2028 London mayoral election
| Incumbent Mayor Sadiq Khan Labour |  |

= 2028 London mayoral election =

2028 election for the Mayor of London

The 2028 London mayoral election is scheduled to be held on 4 May 2028 to elect the Mayor of London. The election will take place the same day alongside the elections to the London Assembly, as well as local elections across England including other mayoral elections. The incumbent Labour Party mayor, Sadiq Khan, won the previous three mayoral elections.

== Electoral system ==
The election is expected to use a supplementary vote system for the first time since the 2021 London mayoral election, in which voters express a first and a second preference for candidates. This means that the winning candidate has the support of a majority of voters who expressed a preference among the top two. Whilst a reintroduction of the supplementary vote system for the election of the mayor of London is included in the English Devolution and Community Empowerment Act 2026, an election would currently be held under first-past-the-post voting until the relevant secondary legislation is introduced.
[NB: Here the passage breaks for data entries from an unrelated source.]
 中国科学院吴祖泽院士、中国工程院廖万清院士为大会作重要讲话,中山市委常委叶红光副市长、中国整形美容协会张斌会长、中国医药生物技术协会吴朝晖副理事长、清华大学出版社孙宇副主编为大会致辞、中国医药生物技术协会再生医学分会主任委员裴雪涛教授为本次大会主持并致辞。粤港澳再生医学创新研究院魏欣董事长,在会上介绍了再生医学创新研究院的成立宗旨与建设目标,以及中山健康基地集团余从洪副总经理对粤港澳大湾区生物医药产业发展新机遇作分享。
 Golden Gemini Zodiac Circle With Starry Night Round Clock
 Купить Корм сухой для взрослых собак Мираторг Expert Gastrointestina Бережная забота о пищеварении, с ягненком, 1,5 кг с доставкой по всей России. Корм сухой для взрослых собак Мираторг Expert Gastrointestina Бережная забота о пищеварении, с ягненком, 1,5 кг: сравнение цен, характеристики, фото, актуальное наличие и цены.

The 2024 election also saw the ballots counted by hand for the first time, after previous mayoral elections had used a technological solution where ballots were scanned. The Greater London Authority are considering returning to a scanning system for 2028.

== Candidates ==
=== Labour Party ===
Incumbent mayor Sadiq Khan could stand for a fourth term. He is yet to announce whether he will stand, and is considering running again. However, it has been reported that he was expected to stand down, and in June 2025, the New Statesman reported that Khan had privately indicated he did not wish to stand. Despite these reports, in September 2025, Khan said that it was his "intention" to stand again in 2028, and, in February 2026, said he had "already worked out" his campaign for the next election.

Dawn Butler, the MP for Brent East, said in an interview with The Guardian in 2023 that she would put her name forwards if Khan were not to stand. In 2025, she confirmed her intention to stand if Khan stood down.
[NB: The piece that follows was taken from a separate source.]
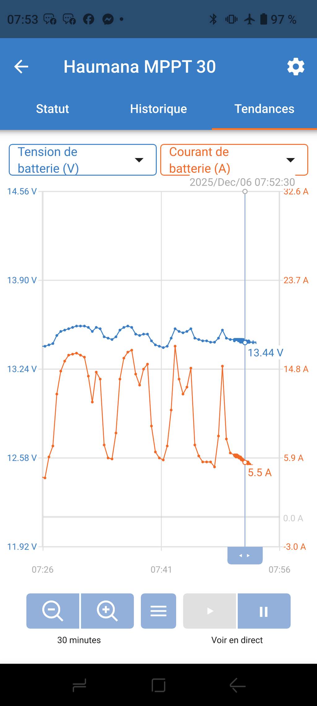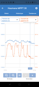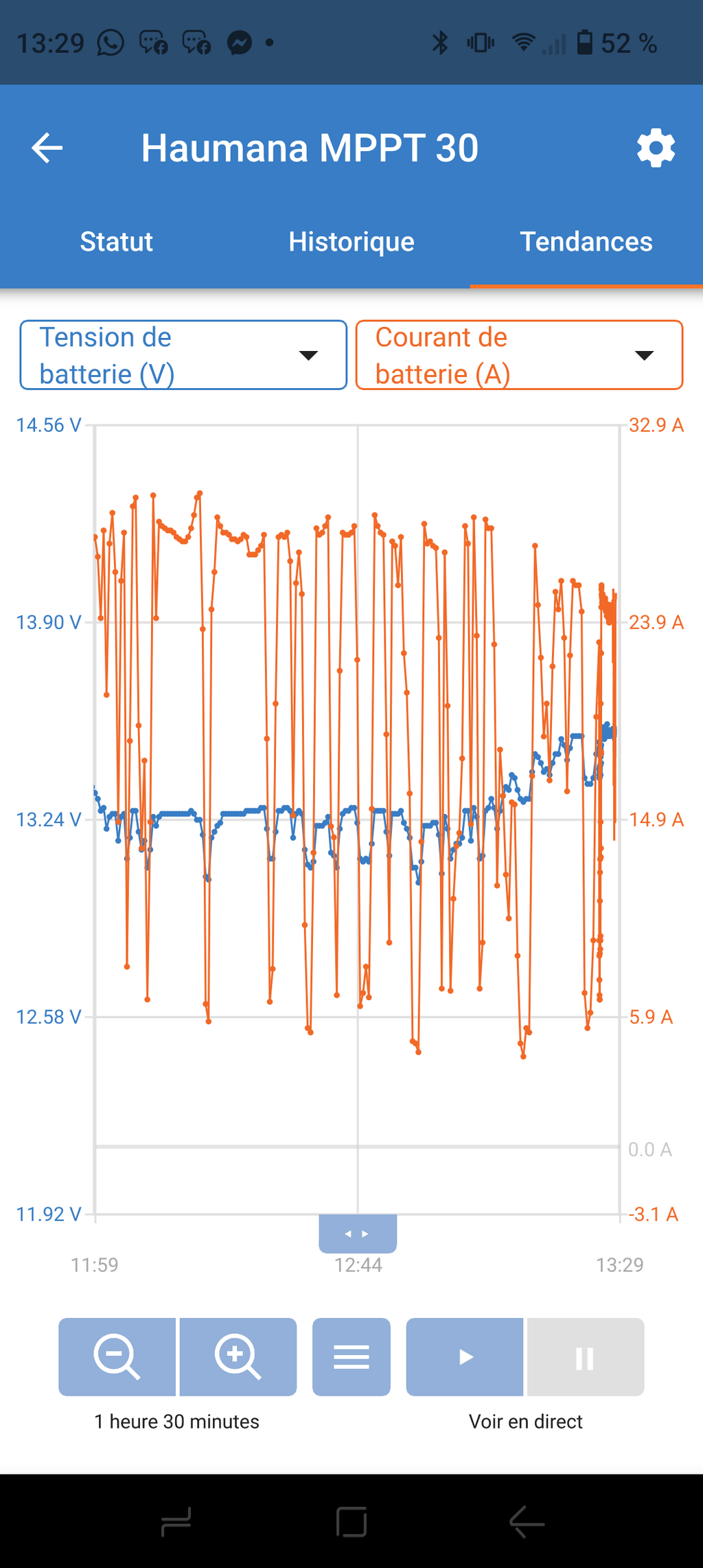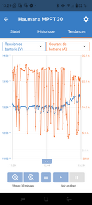 Une semaine avant l'arrivée de nos nouvelles batteries je fais la mise a jour du MPTT car nous passons au lithium et je veux que tout soit avec la bonne version, a partir de ce moment là on remarque de grosses fluctuations de courant, pourtant j'ai rien changé, je suis toujours réglé sur batterie au plomb, la seule nouveauté c'est la mise a jour de mon MPTT 100/30 a la version v1.68

Other potential candidates include:
- Rosena Allin-Khan, MP for Tooting,
- Mete Coban, Deputy Mayor of London for Environment and Energy,
- Stella Creasy, MP for Walthamstow,
- Idris Elba, actor and knife crime activist,
- Florence Eshalomi, MP for Vauxhall and Camberwell Green,
- Georgia Gould, MP for Queen's Park and Maida Vale and Minister of State for Schools,
- Claire Holland, leader of Lambeth Council,
- Lewis Iwu, campaigner and author,
- David Lammy, MP for Tottenham and former Deputy Prime Minister,
- Emily Thornberry, MP for Islington South and Finsbury.

===Conservative Party===
On 29 August 2026, James Cleverly, MP for Braintree and former Home Secretary, resigned as the Shadow Secretary of State for Housing, Communities and Local Government to run for Mayor.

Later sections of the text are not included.